Through a veil of tears or lingerie, God the Father who sent his Son is the Supreme Source of Love.   

Cheryl and I left this past Monday to balmy Peoria, IL (we watched a tugboat push several barges through ice on the Illinois River). Though married for over 33 years, for nearly 12 years now we have been taking the time to get away during Valentines week, hiding out somewhere using up Hilton points. Speaking of the subject, Valentines that is, I just read this by Kevin DeYoung:

Marriage Tune Up: Five Books, Five Questions

We spent time yesterday evening answering the 5 questions – what a pleasure to share our answers with each other. But I can’t help to think of those whose hearts are lonely of love either through death or divorce or a very hard marriage (Kevin did point this out, the loneliness of love in singleness). There are no quick and easy answers for the later and definitely even fewer for the former. But God knows how to hold us as his beloved when we are lonely and feeling unloved.
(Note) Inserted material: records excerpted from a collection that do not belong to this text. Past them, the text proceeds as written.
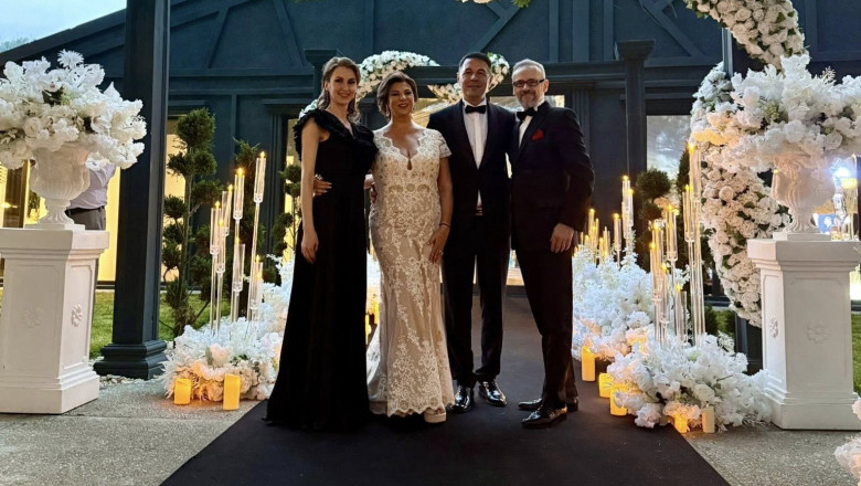 Mihai Albu, un apropiat al miresei, a distribuit pe rețelele sociale primele fotografii de la nuntă. Mihaela a îmbrăcat o rochie sirenă din dantelă, sofisticată și elegantă, iar Sorin Rap a ales un costum negru clasic, completat cu papion și o cămașă albă impecabilă.
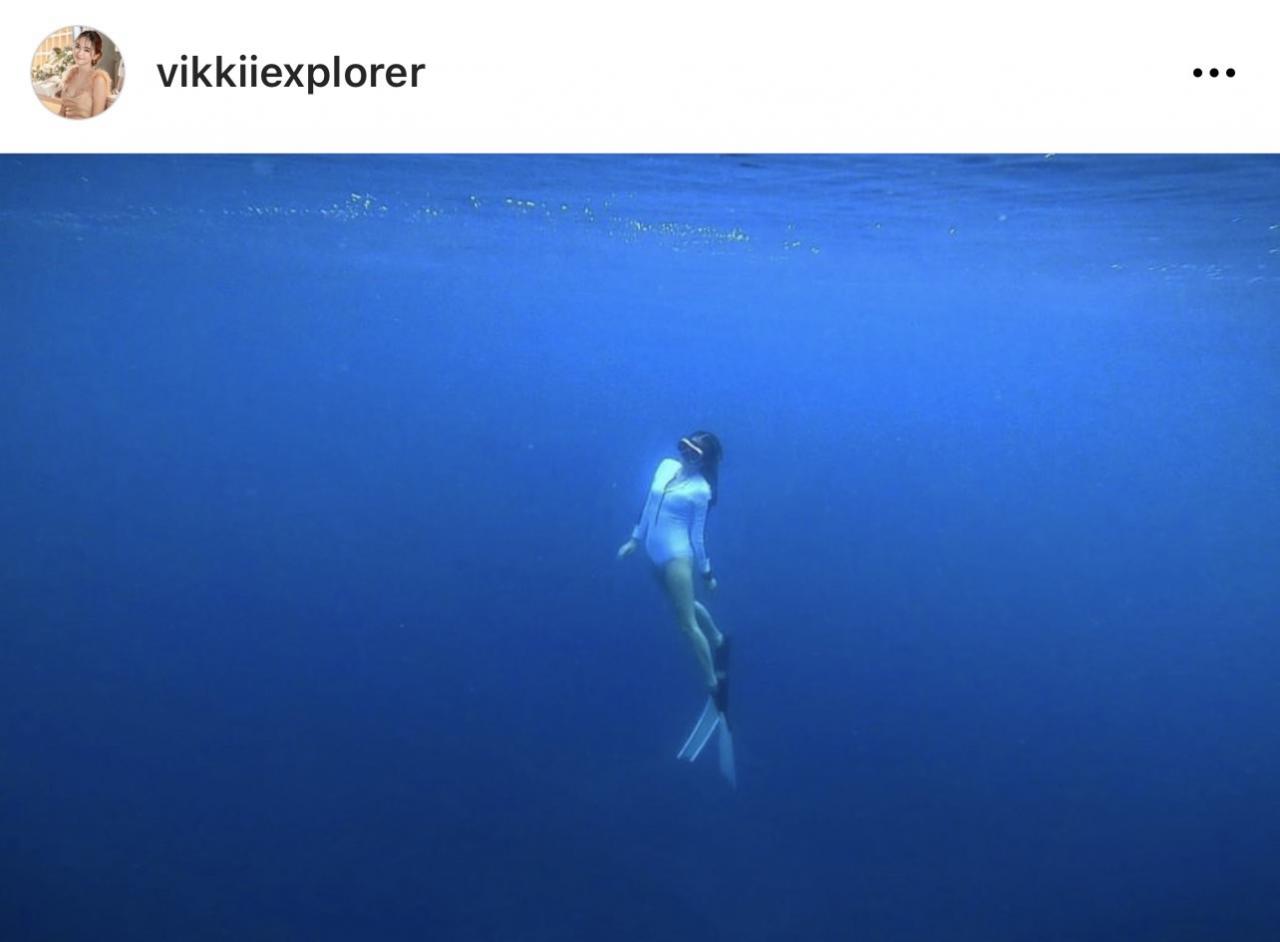 ล่าสุดสาว วิกกี้ ได้ออกมาโพสต์ภาพในวันที่เธอลงไปดำน้ำใต้ท้องทะเล ลงบนอินสตาแกรมส่วนตัว พร้อมกับเขียนแคปชั่นสั้นๆ ว่า "Throwback the marine runway ไว้รอไปกับเบบี๋น้อยนะ" บอกเลยว่าถ้าใครได้เห็นภาพนี้แล้วต้องพูดชมเป็นเสียงเดียวกันว่า วิกกี้ สวยมาก ราวกับหลุดออกมาจากตัวการ์ตูนเงือกน้อยเมอร์เมดใต้ท้องทะเล
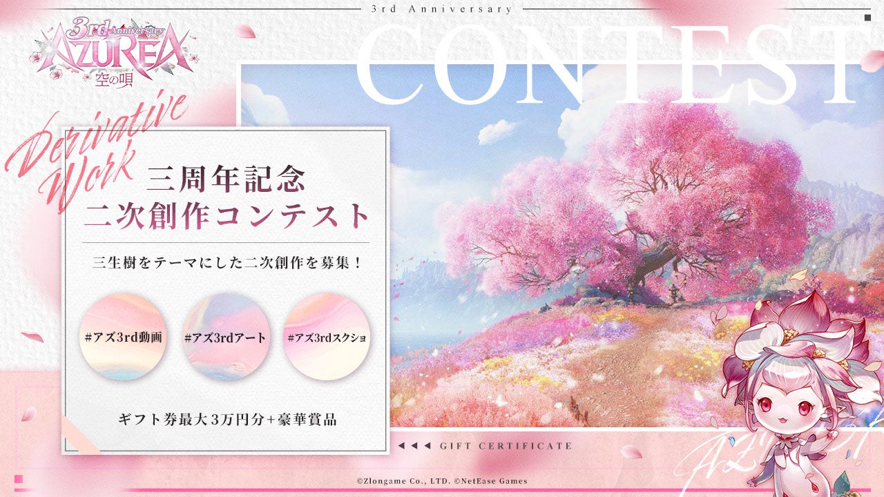また3月3日(月)から実施されている「二次創作コンテスト」は、三生樹の二次創作をテーマに“スクリーンショット部門”、“動画部門”、“アート部門”の3部門で募集。4月20日(日)の締切後、4月30日(水)に受賞者が発表されます。受賞者にはギフト券に加え、アズレアを身近に感じられる景品をプレゼント。受賞者一覧は公式サイトのお知らせページから確認できます。
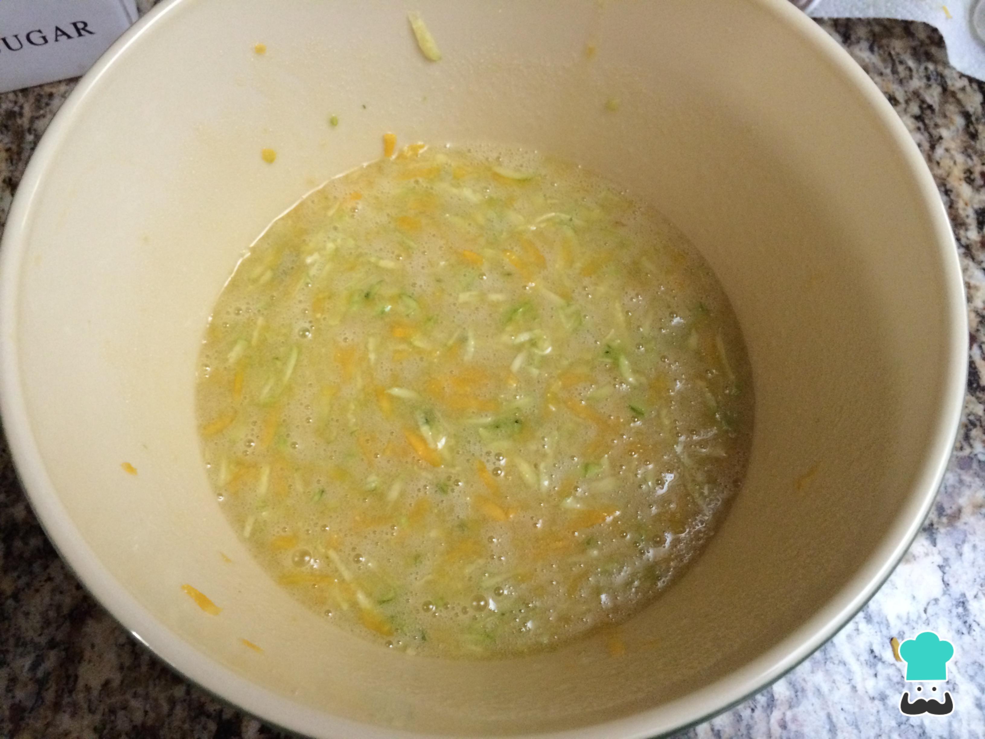 Para preparar a panqueca de abobrinha comece por misturar a maionese no ovo batido, acrescentar a abobrinha e a cebola e mexer.
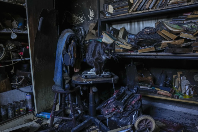 Një mace kërkon ushqim në një shtëpi të djegur nga raketat e Hezbollahut në qytetin Kiryat Shmona, në veri të Izraelit, pranë kufirit me Libanin
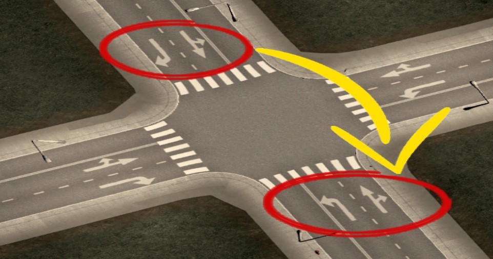 Мод переопределяет правила соединения полос движения по умолчанию для всех дорожных развязок. Он способствует созданию выделенных поворотных полос и более сбалансированному распределению соединений полос движения в каждом направлении, что способствует лучшему использованию полос движения транспортными средствами. Есть две ситуации, в частности, когда он работает лучше, чем поведение игры по умолчанию:
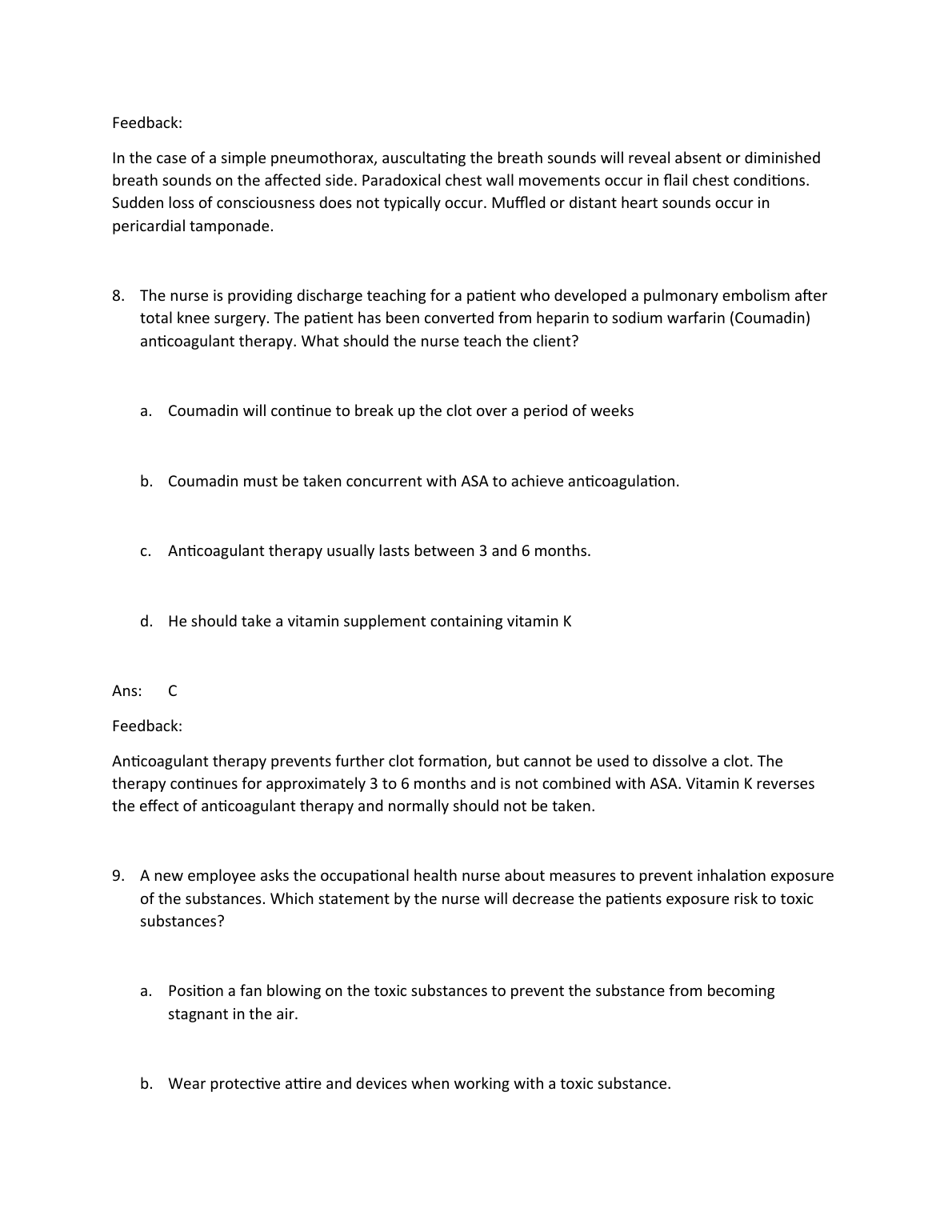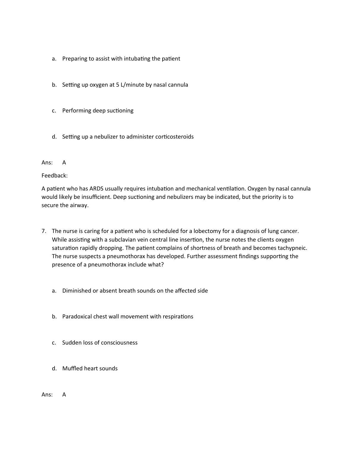 Adult Nursing (NUR 105) Med Surg test questions Chapter 23: Management of Patients with Chest and Lower Respiratory Tract Disorders WITH FEEDBACKS

Christ was momentarily cut off from the best source of Love so that we could be brought near to the best Love one could know . . . I’m so thankful for this. Because, as the next post below says, “marriage is not meant to fully satisfy.”

https://www.thegospelcoalition.org/article/50-shades-love/

The erotic 50 Shades series still cannot provide what our hearts long for, as the post declares: “When we look for a mortal solution (perhaps I married the wrong person?) we ruin the good gift we have. But when we look to our immortal Lover, the good we have in marriage deepens and becomes better, because it is part of a larger love story.”

This is why I’ll look to my Lord for all that I need in this life. There’s only one Savior for mankind, “the man Christ Jesus.” There’s no other better way to enjoy a good marriage or endure a hard one, or to endure the loneliness of death and divorce and singleness. Through a veil of tears or lingerie, God the Father who sent his Son is the Supreme Source of Love. May this day remind you of the “the great love with which he loved us” (Eph. 2:5).

“No Grey Area”

Here is Kevin DeYoung’s recent post from the gospel coalition site – as always, worth reading.

“There is nothing gray about whether a follower of Christ should see 50 Shades of Grey. This is a black and white issue. Don’t go. Don’t watch it. Don’t read it. Don’t rent it.

I don’t even want to talk about it. Another blogger and I went back and forth for several weeks about how we could write a satirical review panning the movie and skewering those who think they need to see it in order to be relevant. We couldn’t do it. There was no way to make the humor weighty enough to sufficiently condemn such a vile film.

And no, I haven’t seen the movie. I haven’t watched the trailer either. I haven’t read a single page from the book. Reading about the premise from Wikipedia and the IMDb for two minutes convinced me I didn’t need to know any more. Sex is a wonderful gift from God, but like all God’s gifts it can be opened in the wrong context and repackaged in ugly wrapping.  Violence against women is not acceptable just because she’s open to the suggestion, and sex is not open to all permutations, even in an adult relationship. Mutual consent does not a moral philosophy make.

Sex is a private matter to be shared in the privacy and sanctity of the marriage bed (Heb. 13:4). Sex, as God designed it, is not meant for actors who pretend (or not) that they are making “love.” The act of conjugal union is what married couples do behind closed doors, not what disciples of Jesus Christ pay money to watch on a screen the size of your house.

As I’ve said before, we have to take a hard look at what we put in front of our eyes as men and women seated in the heavenly places (Col. 3:1-2). If 50 Shades is a problem, by what standard do we give ourselves a pass on the rest of the sensuality we freely consume? To be sure, awareness of sin is not by itself the problem. The Bible is full of rank immorality. It would be simplistic and morally untenable—even unbiblical—to suggest you cannot watch sin or read about sin without sinning yourself. But the Bible never titil­lates with its description of sin. It never paints vice with virtue’s colors. It does not entertain with evil (unless to mock it). The Bible does not dull the conscience by making sin look normal and righteousness look strange.

Christians shouldn’t try to “redeem” 50 Shades of Grey. We should not get cutesy and advertize a new sermon series on “50 Shades of Grace.” We should not give both art and holiness a bad name by thinking that somehow something as dark as 50 Shades is worth viewing or worth reviewing. According to Paul’s logic, it is possible to expose sin and keep it hidden at the same time (Eph. 5:11-12). “A good man is ashamed to speak that which many people are not ashamed to act” (Matthew Henry).

Some movies do not deserve sophisticated analysis. They deserve sober repudiation. If the church cannot extend grace to sexual sinners, we’ve lost the heart of the gospel. And if we cannot tell people to stay away from 50 Shades of Grey, we’ve lost our minds.”